EKS: Kubernetes version 1.21, platform version eks.4
Self-Managed Node Groups: Bottlerocket AMI ami-02f29c095430282d4 (I recently switched to Bottlerocket, same error as when I was using the standard EKS AMIs)
Helm chart: 0.10.4
Starboard Operator: 0.15.4

Isla Nublar Security · Answer 3 · Thu Apr 28 2022 06:17:47 GMT+0800 (China Standard Time)

Digging a bit further based on your error message:

getting kube client config: invalid configuration: no configuration has been provided, try setting
KUBERNETES_MASTER environment variable

As part of pkg/operator/operator.go:

kubeConfig, err := ctrl.GetConfig()
if err != nil {
	return fmt.Errorf("getting kube client config: %w", err)
}

So it's using the Controller Runtime to find a kubeconfig it can use to connect to the K8s API. Usually when running inside the cluster you don't have to set anything, it will use the in-cluster config and the service account token.

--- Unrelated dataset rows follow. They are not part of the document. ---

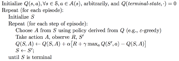 所以 Q-Learning 控制算法为: \[ Q(S,A) \leftarrow Q(S,A) + \alpha \left( R + \gamma \max_{a'}Q(S', a') - Q(S,A) \right) \] 伪代码:
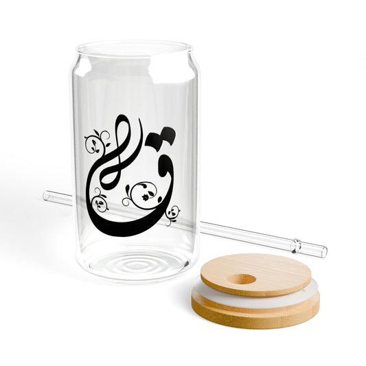 Arabic Letter “Qaf” "ق" Monogram Sipper Glass, 16oz | Eco-Friendly Beverage Container | Perfect for Home, picnics, Gifts, and Parties
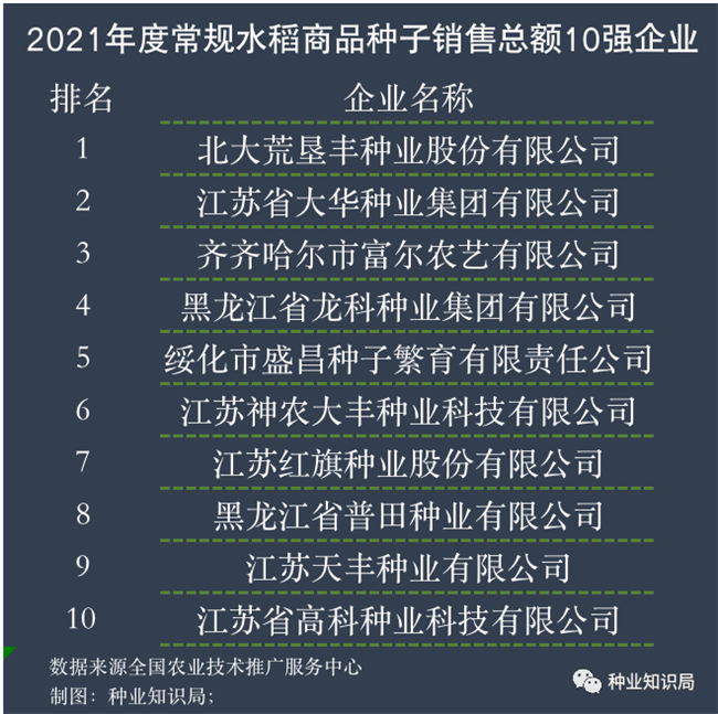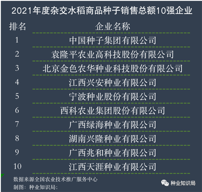??????哪些企業的品種叫座?從種子銷售額來看,根據全國農技中心數據,2021年,常規水稻商品種子銷售額前3位分別是北大荒墾豐種業股份有限公司、江蘇省大華種業集團有限公司、齊齊哈爾市富爾農藝有限公司;2021年,雜交水稻商品種子銷售額前3位分別是中國種子集團有限公司、袁隆平農業高科技股份有限公司、北京金色農華種業科技股份有限公司。
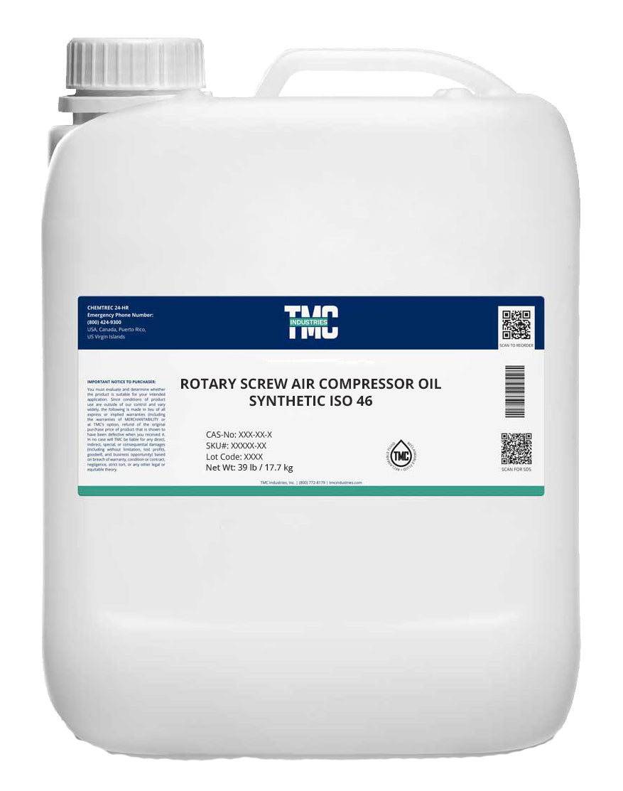 TMC's ISO 46 Oil is a long-life, premium compressor lubricant based on novel, proprietary technology. It incorporates the highest quality, thermally stable synthetics fortified with premium non-detergent additives for maximum protection at high temperatures. It lasts up to 8,000 hours, effectively reducing maintenance and waste oil disposal costs.

You can see the order of precedence in controller-runtime/config.go:

// GetConfig creates a *rest.Config for talking to a Kubernetes API server.
// If --kubeconfig is set, will use the kubeconfig file at that location.  Otherwise will assume running
// in cluster and use the cluster provided kubeconfig.
//
// It also applies saner defaults for QPS and burst based on the Kubernetes
// controller manager defaults (20 QPS, 30 burst)
//
// Config precedence
//
// * --kubeconfig flag pointing at a file
//
// * KUBECONFIG environment variable pointing at a file
//
// * In-cluster config if running in cluster
//
// * $HOME/.kube/config if exists.

So a couple of possible thoughts:

Have you set any of these other methods of defining a kubeconfig, that might be conflicting with the cluster-provided one?
Have you locked down anything about your cluster to prevent pods from accessing the K8s API? Disabling mounting of service account tokens? Strict network policies?

Isla Nublar Security · Answer 4 · Thu Apr 28 2022 06:33:33 GMT+0800 (China Standard Time)

A few more references down this line of thinking:

Official K8s doc about accessing K8s API inside a Pod
- This mentions that the pod must be able read to a service account token that can access the API, mounted at /var/run/secrets/kubernetes.io/serviceaccount/token
InClusterConfig() from the K8s Go Client library

Andrew Aadland · Answer 5 · Thu Apr 28 2022 06:54:13 GMT+0800 (China Standard Time)

Thanks for all the info.
I found my problem (100% user error). In a manifest that I was using kustomize to patch automountServiceAccountToken: false on the deployment. I thought that would disable auto-mounting of the default service account (which wouldn't be applicable as we're not using the default in-cluster one anyway), not the one explicitly assigned to the pod(s).
I'll do some testing with it tomorrow and will likely close this issue then.

Thanks for jogging my brain to look at service account token mounting! I completely forgot I was using a patch.